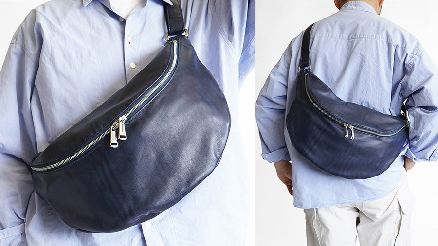 新作として登場した、やわらかな藍染めレザーのショルダーバッグ。くったりとした質感と、表情豊かなムラ感が、さりげなくも印象的な存在感を演出します。普段使いはもちろん、コーディネートのアクセントとしても活躍する、スタイリッシュな一品です。
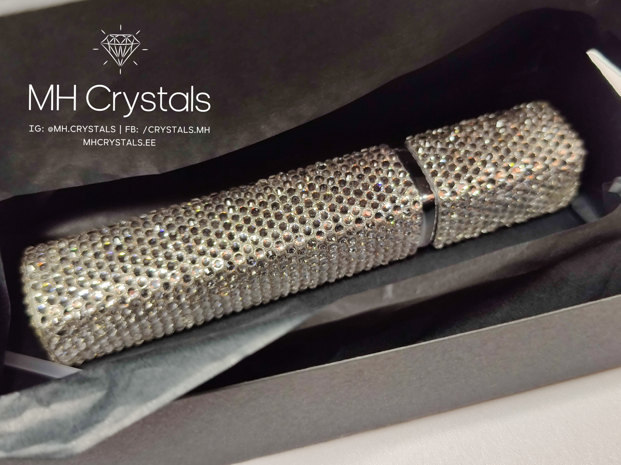 Pudeli alumiiniumist ümris on täielikult kaetud kõrgekvaliteediliste kristallidega, iga kristall paigaldatud käsitsi, üks haaval.
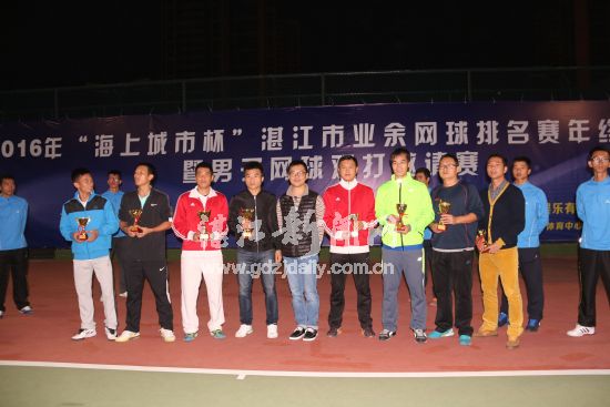 湛江新闻网讯:12月18日 晚上6:30,由湛江市网球协会主办,湛蓝网球俱乐部承办的 2016年“海上城市杯”湛江市业余网球排名赛年终总决赛暨男子网球双打邀请赛在湛江市体育中心网球场圆满落幕,各个级别冠军全部“出炉”!
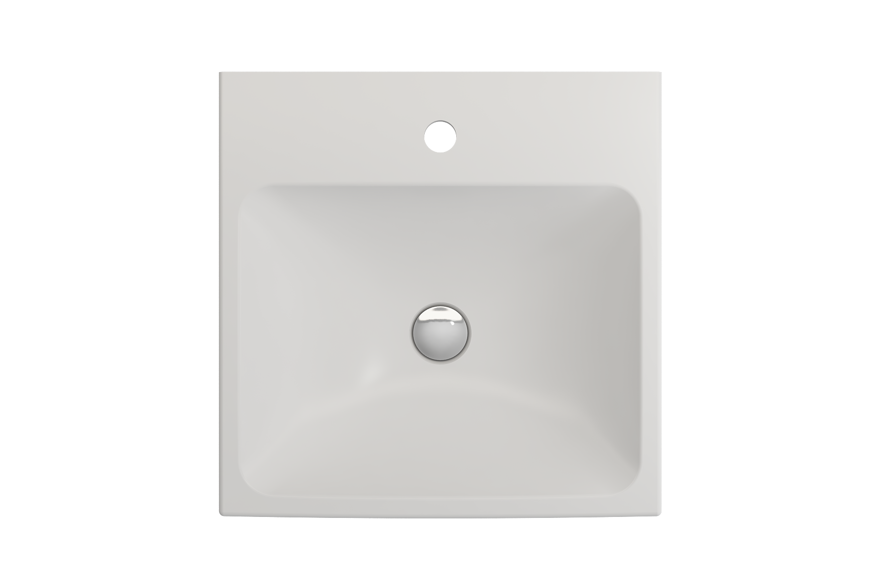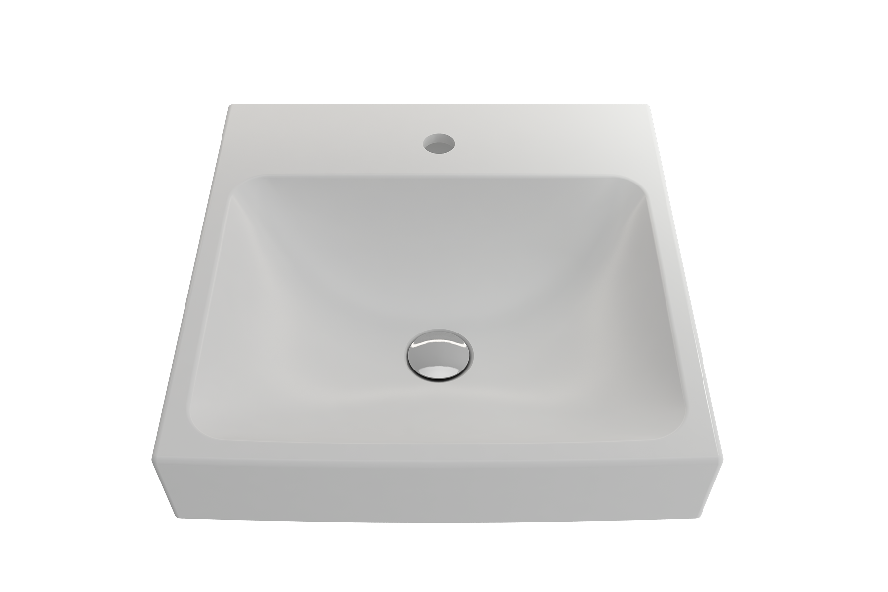 Bathroom sink with single-hole faucet setting. May be wall-hung, used with metal console legs, or semi-recessed into the counter.
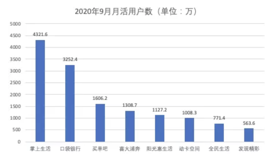 从信用卡业务发展在前列的几家银行来看,信用卡App已经有了质的飞跃。平安银行的信用卡App口袋银行用户数已经破亿,招行紧随其后,掌上生活App累计用户数达9842.37万。从月活上来看,截至今年9月份,掌上生活App的月活高达4321.6万,遥遥领先。
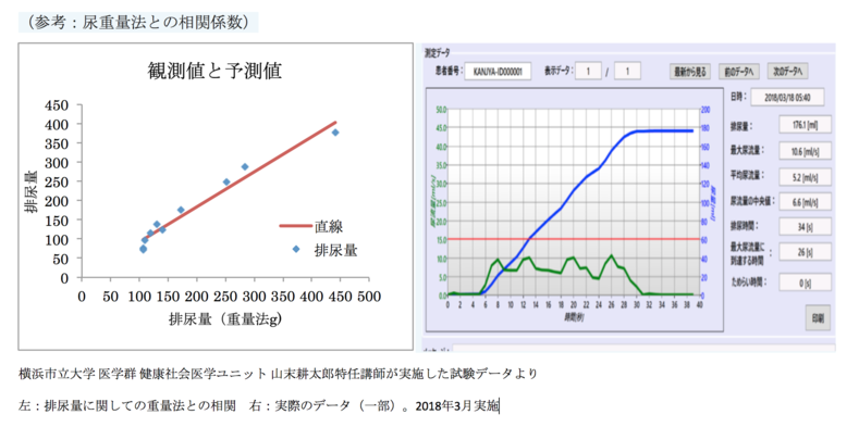Freeflow®による排尿量の検査結果と、尿重量検査の相関係数は0.98となり、十分な精度であることが確認されています。試験された横浜市立大学医学群 健康社会医学ユニットの山末耕太郎特任講師は「尿流量検査は病院で1回検査しただけではまったくわからず、自宅で数日間行ってよくわかるということです。自宅でも昼間の食事、水分のとり方、運動等で私の夜間の特性がかなり違うことがわかりました。Freeflow®は在宅で使用できることで、大きなメリットがあると思います。」と述べています。

━━━━━━

PROBLEM TO WORK ON :: Exactly and only the lines from the one holding "Pudeli alumiiniumist ümris" through the final line of the material must be returned, both ends included, without any pictures.

SOLUTION BELOW ::
 Pudeli alumiiniumist ümris on täielikult kaetud kõrgekvaliteediliste kristallidega, iga kristall paigaldatud käsitsi, üks haaval.
 湛江新闻网讯:12月18日 晚上6:30,由湛江市网球协会主办,湛蓝网球俱乐部承办的 2016年“海上城市杯”湛江市业余网球排名赛年终总决赛暨男子网球双打邀请赛在湛江市体育中心网球场圆满落幕,各个级别冠军全部“出炉”!
 Bathroom sink with single-hole faucet setting. May be wall-hung, used with metal console legs, or semi-recessed into the counter.
 从信用卡业务发展在前列的几家银行来看,信用卡App已经有了质的飞跃。平安银行的信用卡App口袋银行用户数已经破亿,招行紧随其后,掌上生活App累计用户数达9842.37万。从月活上来看,截至今年9月份,掌上生活App的月活高达4321.6万,遥遥领先。
Freeflow®による排尿量の検査結果と、尿重量検査の相関係数は0.98となり、十分な精度であることが確認されています。試験された横浜市立大学医学群 健康社会医学ユニットの山末耕太郎特任講師は「尿流量検査は病院で1回検査しただけではまったくわからず、自宅で数日間行ってよくわかるということです。自宅でも昼間の食事、水分のとり方、運動等で私の夜間の特性がかなり違うことがわかりました。Freeflow®は在宅で使用できることで、大きなメリットがあると思います。」と述べています。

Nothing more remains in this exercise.